- _INPUT DATA_

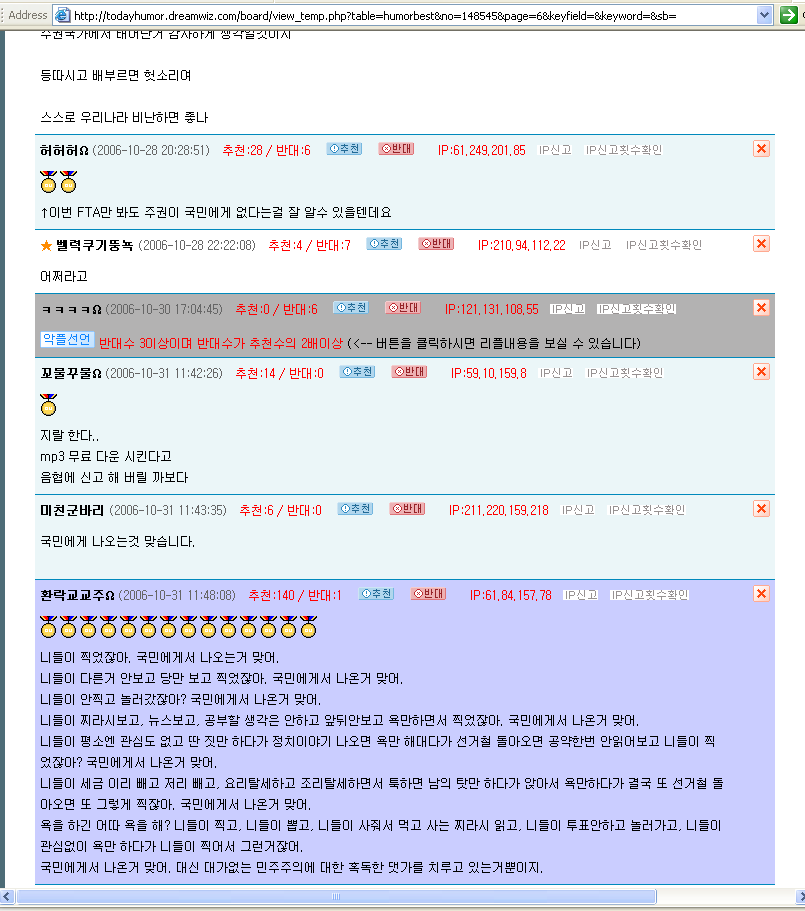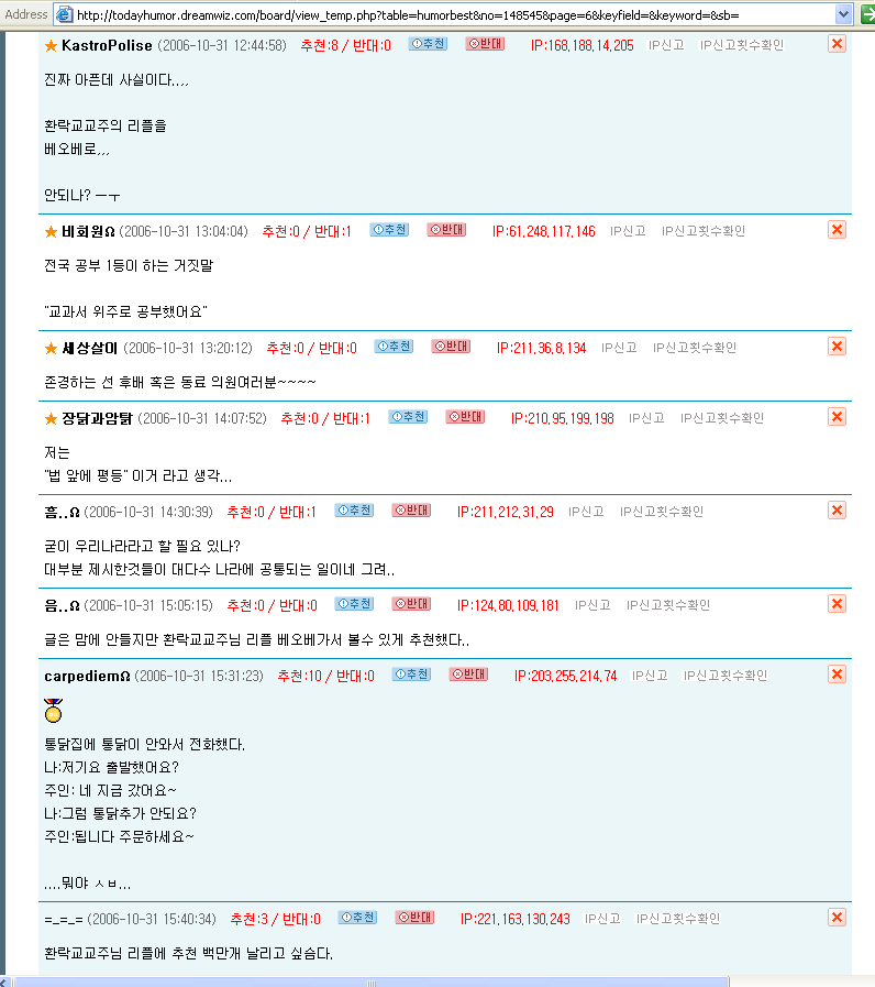| 314 | 우리 나라. 대한민국. | Dreamy | 2006.10.18 | 6986 | 143 |
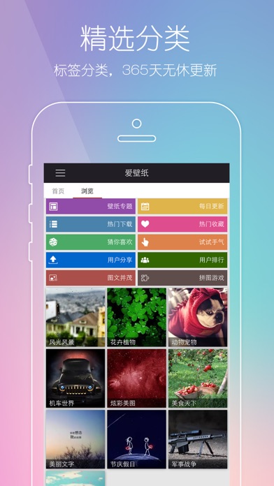 高清壁纸 + 权威媒体推荐 + 无广告干扰 = 专业 特别制作iOS 7专用壁纸,尊享超高清视觉盛宴。 [特点] 1.壁纸出新,专题精选,365天无休日。 2.分类清晰、标签准确,一目了然。 3.高清壁纸源,率先iOS 7视差预览。 4.标签索引、颜色筛选,快速锁定目标。 5.榜单排行、专题精选,走入最in潮流。 6.娱乐拼图,可爱壁纸带给您惊喜无限! 本应用提供风光风景、花卉植物、动物宠物、机车世界、炫彩美图、美食天下、美丽文字、节庆假日、军事战争、美图杂烩等壁纸分类,并且壁纸资源以每天200张以上的速度递增,请持续关注我们,新的 喜悦将连连不断…… 《爱壁纸HD》是我们用心制作的应用,同时支持手机、电脑,并请关注《爱壁纸HD iPad版》。我们重视您的每一条意见和建议,使《爱壁纸HD》成为最专业的壁纸应用!联系方式:info@lovebizhi.com
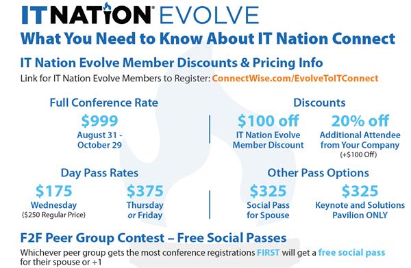 For more information about Evolve Discounts at IT Nation contact
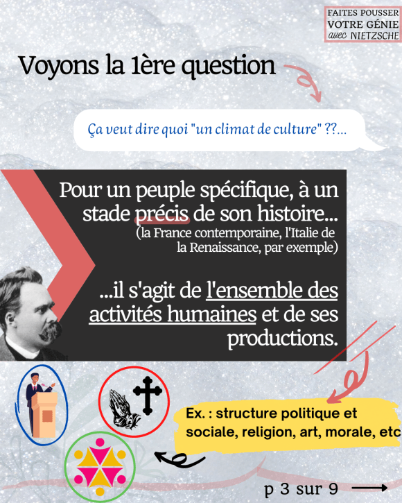 La Clé 2 approfondit la notion nietzschéenne de « climat de culture » et vous donne des indications vous permettant d’analyser le vôtre. Mener une telle analyse permet d’identifier des éléments de votre « climat » qui sont peut-être susceptibles de vous freiner dans la pleine croissance de votre génie.

- _EXERCISE REQUIREMENTS_
Repeat the material above exactly. Leave every picture out of it.

- _WRITTEN REPLY_
| 314 | 우리 나라. 대한민국. | Dreamy | 2006.10.18 | 6986 | 143 |
 高清壁纸 + 权威媒体推荐 + 无广告干扰 = 专业 特别制作iOS 7专用壁纸,尊享超高清视觉盛宴。 [特点] 1.壁纸出新,专题精选,365天无休日。 2.分类清晰、标签准确,一目了然。 3.高清壁纸源,率先iOS 7视差预览。 4.标签索引、颜色筛选,快速锁定目标。 5.榜单排行、专题精选,走入最in潮流。 6.娱乐拼图,可爱壁纸带给您惊喜无限! 本应用提供风光风景、花卉植物、动物宠物、机车世界、炫彩美图、美食天下、美丽文字、节庆假日、军事战争、美图杂烩等壁纸分类,并且壁纸资源以每天200张以上的速度递增,请持续关注我们,新的 喜悦将连连不断…… 《爱壁纸HD》是我们用心制作的应用,同时支持手机、电脑,并请关注《爱壁纸HD iPad版》。我们重视您的每一条意见和建议,使《爱壁纸HD》成为最专业的壁纸应用!联系方式:info@lovebizhi.com
 For more information about Evolve Discounts at IT Nation contact
 La Clé 2 approfondit la notion nietzschéenne de « climat de culture » et vous donne des indications vous permettant d’analyser le vôtre. Mener une telle analyse permet d’identifier des éléments de votre « climat » qui sont peut-être susceptibles de vous freiner dans la pleine croissance de votre génie.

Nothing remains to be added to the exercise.